## [Information provided]
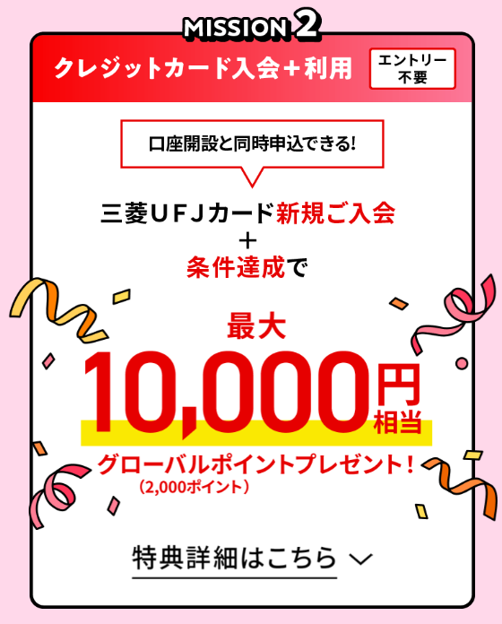 対象は初めて三菱UFJ銀行の口座を開設する方。
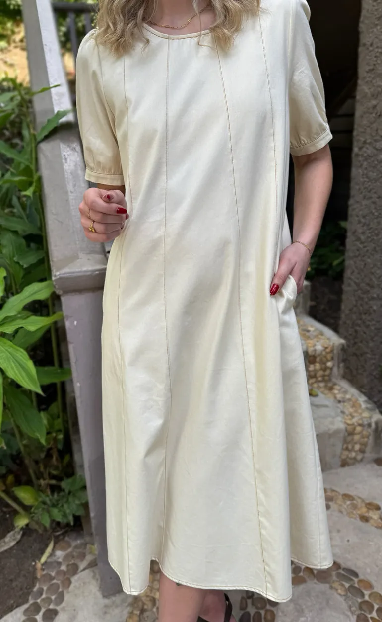Elegant kjole fra INA Copenhagen i creme hvid, med kontrat syninger i farven brun.
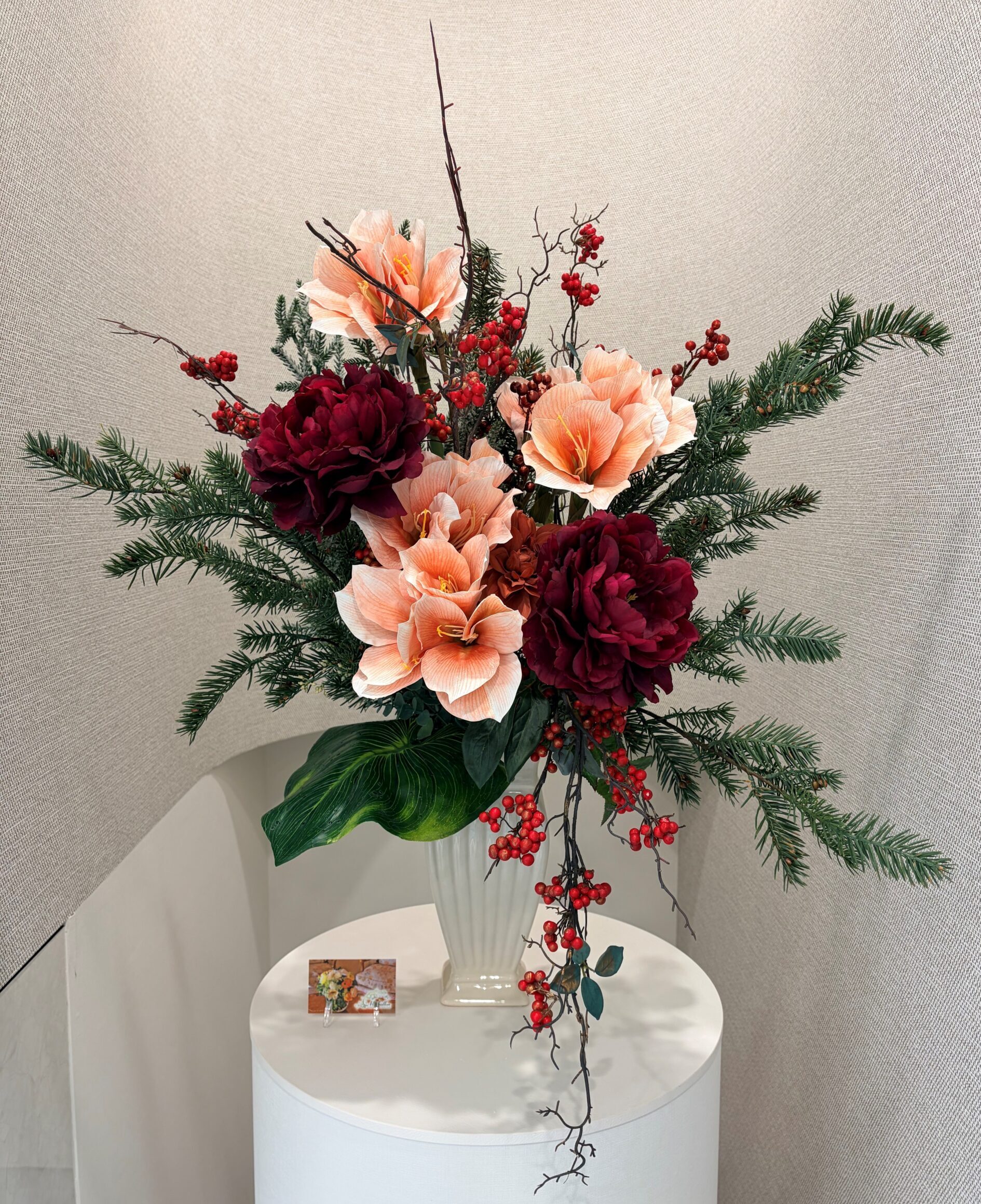 ↑冬のフラワーアレンジメントです。クリスマス🎄にもお正月🎍にも合う素敵なデザイン✨
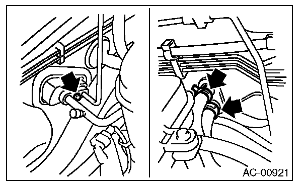 4. Remove the bolts securing expansion valve and pipe in engine compartment. Release the heater hose clamps in engine compartment to remove the hoses.
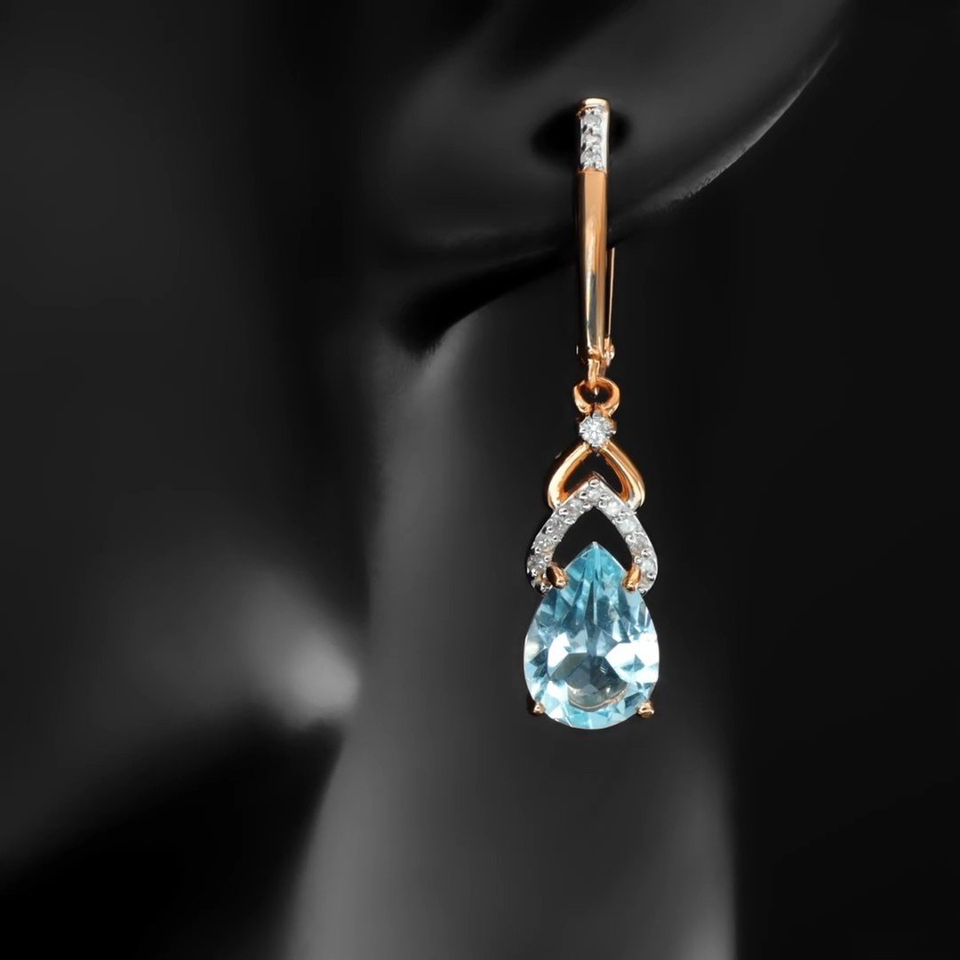Золотые серьги с топазами Sky и бриллиантами
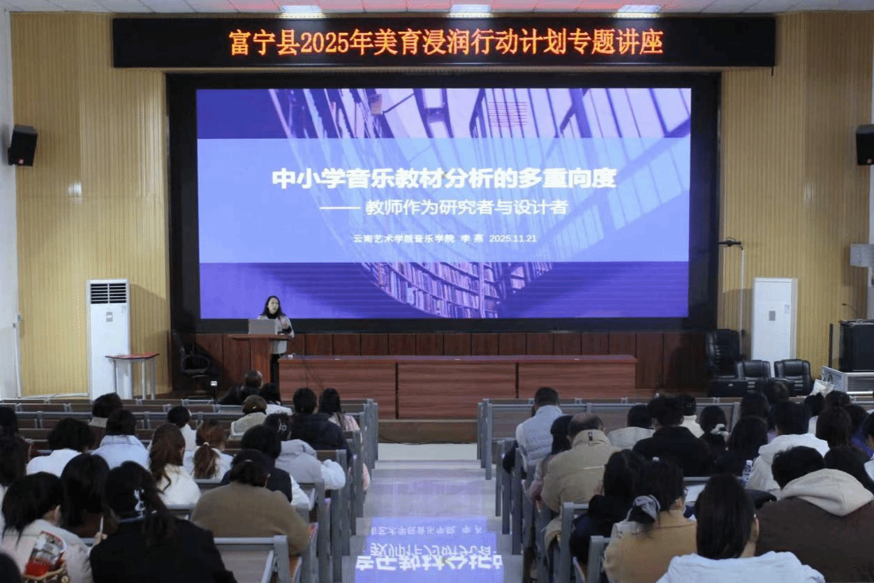 为深入贯彻落实美育浸润行动计划,推动 AI 时代中小学美育高质量发展,11 月 21 日上午,金年会jinnianhuicom2025 年秋季学期美育浸润计划专题讲座在富宁县民族中学报告厅举行。全县中小学音乐教师齐聚一堂,共赴这场兼具理论深度与实践价值的美育盛宴。
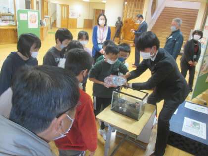 サクラマスの飼育体験教室があり、富山市水辺をきれいにする会から7名の方が来られました。教室では、サクラマスについての話を聞き、ペットボトルに入ったサクラマスの卵をいただきました。その後、卵を水槽に移し、子供たちは、興味をもってサクラマスの卵を見ていました。今後、卵がどのように成長していくか楽しみにしている様子が伺えました。
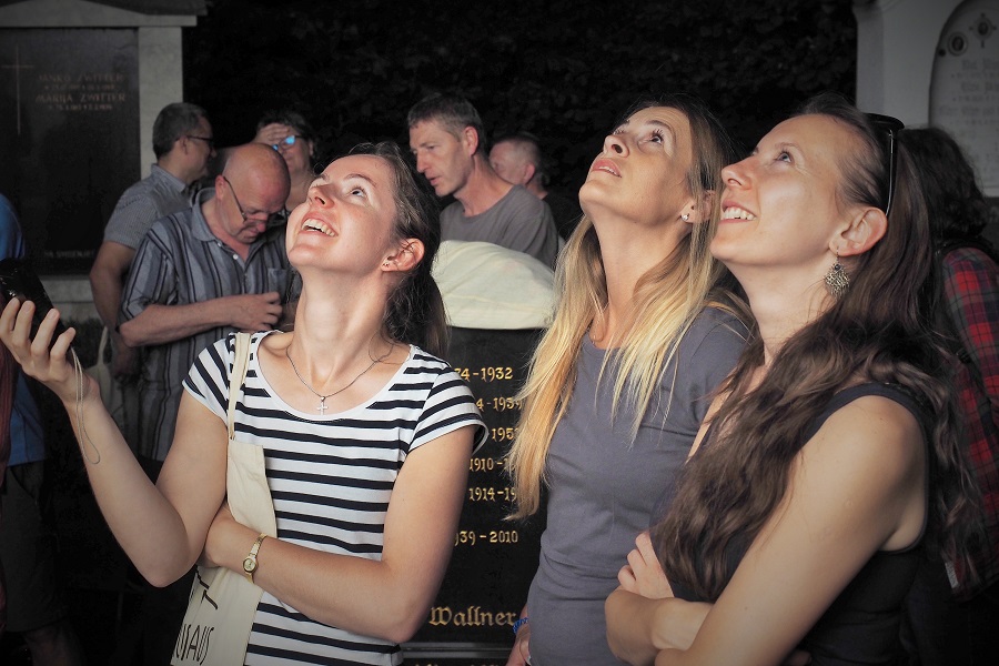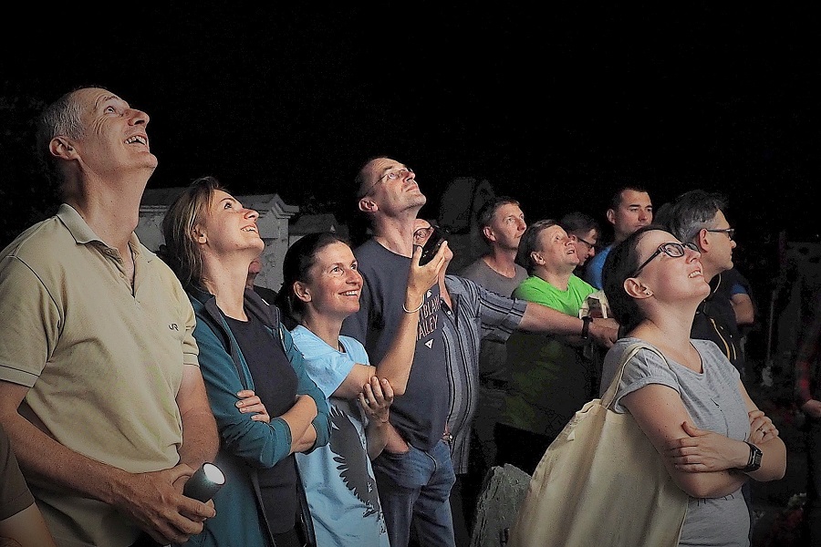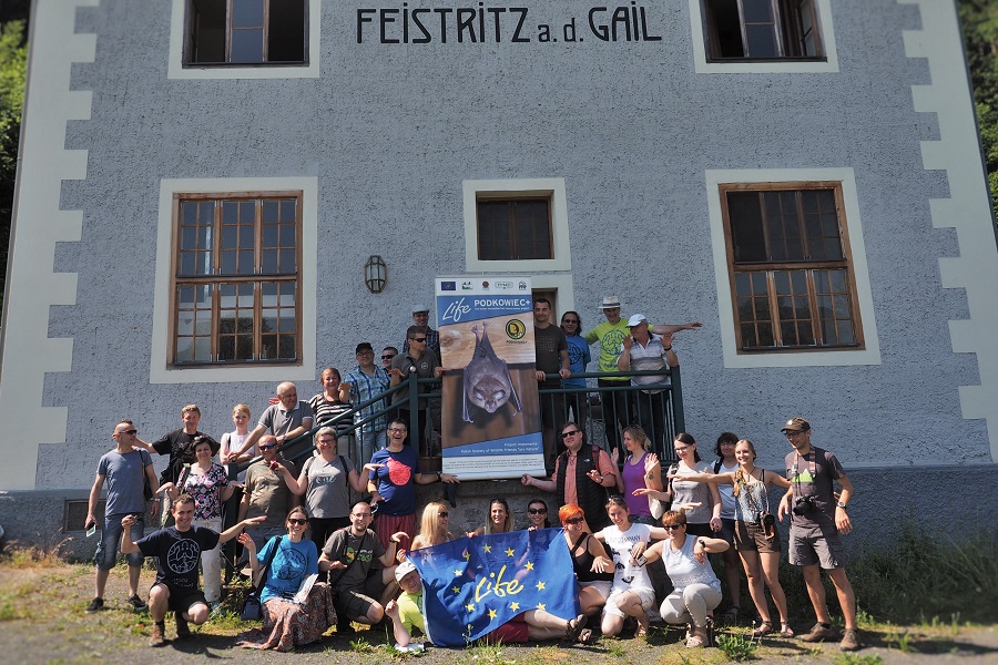 Uczestnicy wyprawy studyjnej zapoznali się też z inną formą nietoperzowej edukacji – wieczorną obserwacją wylotu nietoperzy na polowanie. W kościele w Feistritz znajduje się kolonia kilkuset nocków dużych. Odwiedzili również zamek Schloss Wasserleonburg, gdzie do niedawna w jednej z kotłowni funkcjonowała kolonia letnia podkowców, ale po jej wyłączeniu, pomieszczenie przekształciło się w małe zimowisko nietoperzy.
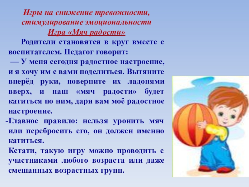 Слайд 13Игры на снижение тревожности, стимулирование эмоциональности
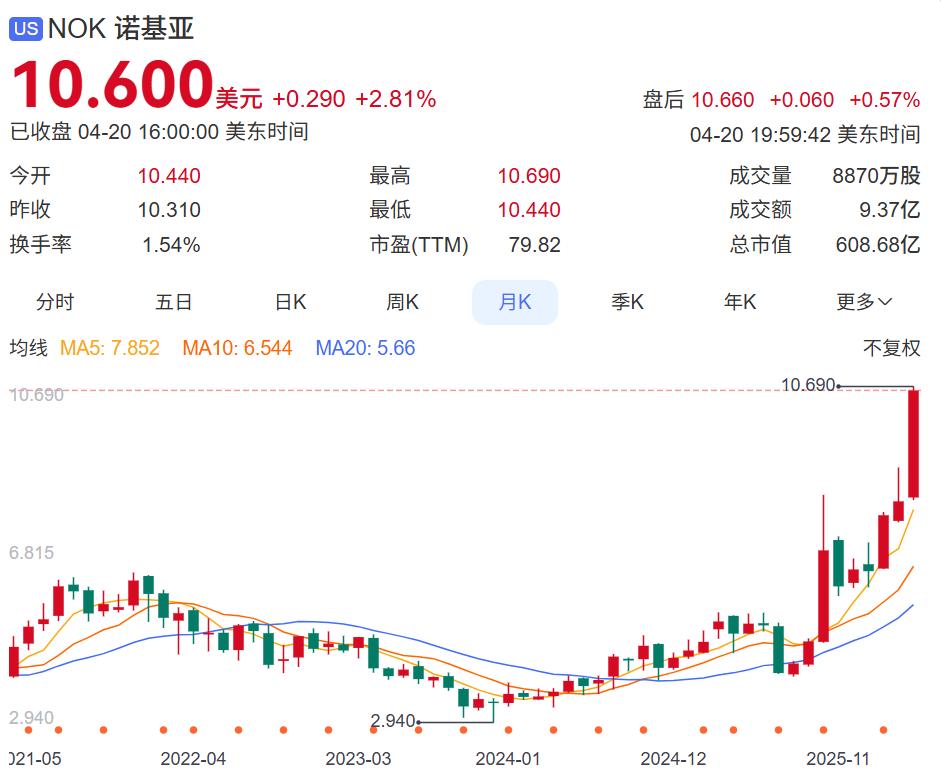 所以这几天关于诺基亚的新闻再次出现时,很多人感觉很惊讶:诺基亚股价创16年来新高,市值已突破600亿美元(合人民币近4000亿元),年内涨幅超60%!
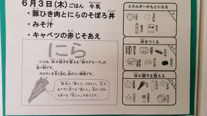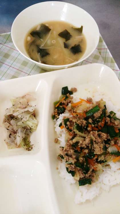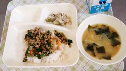 今日の給食は、豚ひき肉とにらのそぼろ丼、みそ汁、キャベツの赤じそあえ、牛乳です。
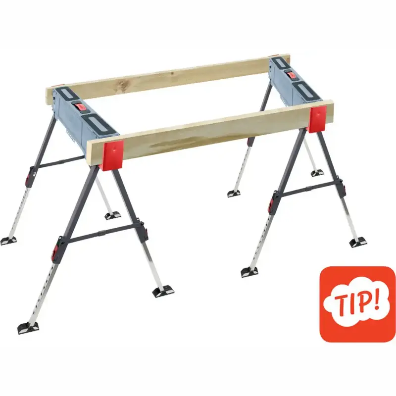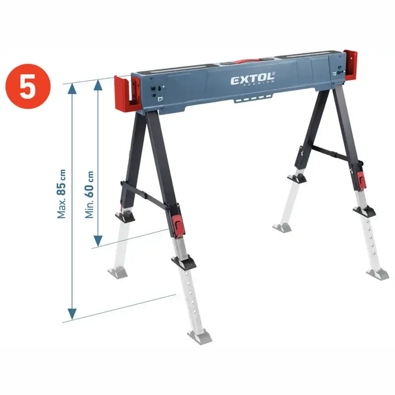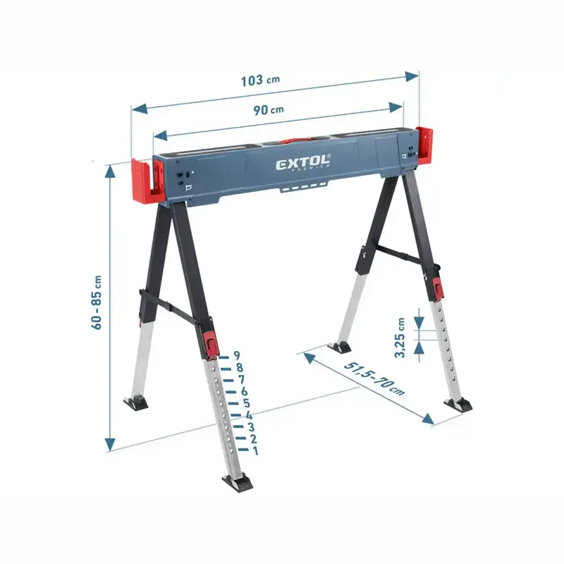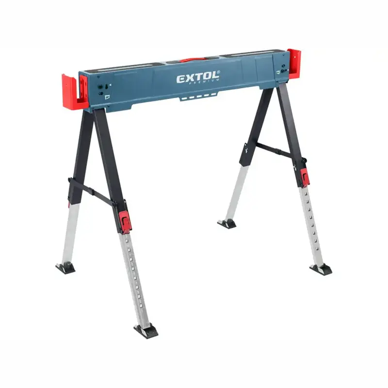 Skladací kovový pracovný podstavec – koza je praktická podpera do dielne aj na stavbu, keď potrebujete stabilné a pevné pracovné miesto. Robustná oceľová konštrukcia, protišmyková horná plocha a možnosť výškového nastavenia z neho robia spoľahlivého pomocníka pri rezaní, montáži, brúsení či skladaní materiálu.
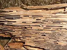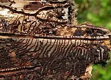 De nombreux insectes lignicoles (diptères, lépidoptères et surtout coléoptères) peuvent être xylophages et saproxylophages : ils consomment le bois à l'état adulte ou le plus souvent à l'état larvaire. Chez les espèces endoxyles, les femelles pondent sur des bois sains (insecte ravageur primaire)[22] ou altérés (ravageur secondaire)[23] des œufs, anfractuosités de l'écorce du tronc ou des branches donnant naissance à des larves lignivores qui creusent des galeries dont la section et le tracé sont caractéristiques des espèces et permettent souvent de les identifier. Les coléoptères épixyles, « imparfaitement protégés des variations des températures extérieures par l'épaisseur de l'écorce, se localisent, en général, mais en fonction des régions, sur certaines faces du bois, évitant les expositions au soleil ou aux intempéries. Leurs galeries sont souvent larges, serpentant dans l'étroit espace entre l'écorce et l'aubier. La nymphose se fait dans une loge superficielle »[24].
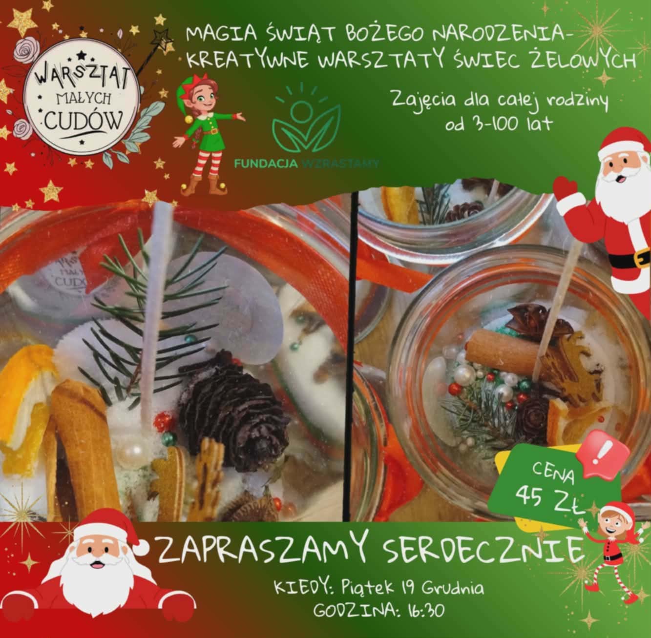WZRASTAMY - Centrum rozwoju i wsparcia Piłsudskiego 9, Siedlce, mazowieckie, PolandWarsztat Małych Cudów 🎅Kreatywne Warsztaty Świec Żelowych dla całej rodziny - MAGIA ŚWIĄT 🎅 Na naszych warsztatach świec żelowych stworzysz własną świąteczną kompozycję pełną MAGII ŚWIĄT, zamkniętą w szklanym słoiczku. 🎅Dlaczego warto przyjść? Warsztaty tworzenia świec żarowych to przede wszystkim: 🎄Rozwijanie kreatywności i wyobraźni poprzez tworzenie własnych kompozycji świec żelowych. 🎄Kształtowanie umiejętności manualnych i precyzji podczas pracy z różnymi materiałami....
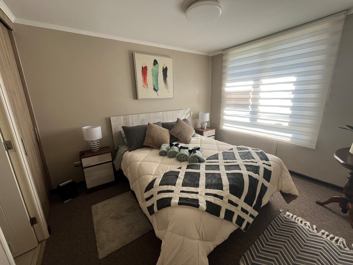 Enjoy this quiet and comfortable accommodation in Penco. Cozy, bright, and modern. A few blocks from the community's beach, gastronomic centers and the waterfront. Transportation just one block away and parking located inside the condominium. Two bedrooms 1 Double bed 1 Single bed 1 Sofa bed (futon) for 2 people Access without climbing stairs. Outdoor children's play area. It has everything you need to make your stay an excellent experience.
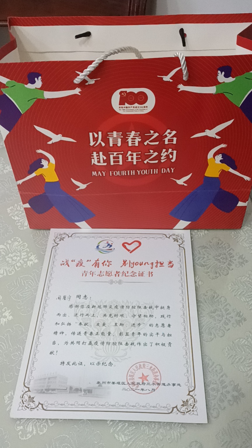 在疫情防控服务过程中,周星宇同学主要是在姜堰区马厂、锦姜社区和三水街道进行志愿服务,她主要负责协助社区进行居民信息采集以及上门服务,帮助家庭老人注册激活“国家医疗保险电子凭证”等。谈起这个暑假报名参加社区志愿服务活动以及回想起整个过程中的点点滴滴,周同学感触颇深,她说:“作为一名当代大学生,我通过志愿服务为疫情防控贡献了自己一份微薄之力,其实没想那么多,想为家乡疫情防控尽点心,自己便冲上去了。这次疫情复发江苏省这边是比较严重的,南京市和扬州市最为严重,而泰州是离这两个市最近的,如果泰州也出问题,蔓延就更不可控。我喜欢参加各种各样的志愿者活动,想尽自己的一份力为社会多做一些贡献。疫情没有那么慈眉善目,社区工作也充满着起伏与坎坷,但这些都是征战疫情必须要经历的,当我们打赢这场‘战争’时,之前经历过的所有委屈、焦虑和恐慌在人们的笑容与欢乐中消失无踪,我爱我的家乡,我爱我的祖国,面对美好,人人有梦。”

## [Task instructions]
In the listing above, the required lines run from the line with "Слайд 13Игры на" through the line with "Skladací kovový pracovný". Output exactly those lines, omitting pictures.

## [Output for this task]
 Слайд 13Игры на снижение тревожности, стимулирование эмоциональности
 所以这几天关于诺基亚的新闻再次出现时,很多人感觉很惊讶:诺基亚股价创16年来新高,市值已突破600亿美元(合人民币近4000亿元),年内涨幅超60%!
 今日の給食は、豚ひき肉とにらのそぼろ丼、みそ汁、キャベツの赤じそあえ、牛乳です。
 Skladací kovový pracovný podstavec – koza je praktická podpera do dielne aj na stavbu, keď potrebujete stabilné a pevné pracovné miesto. Robustná oceľová konštrukcia, protišmyková horná plocha a možnosť výškového nastavenia z neho robia spoľahlivého pomocníka pri rezaní, montáži, brúsení či skladaní materiálu.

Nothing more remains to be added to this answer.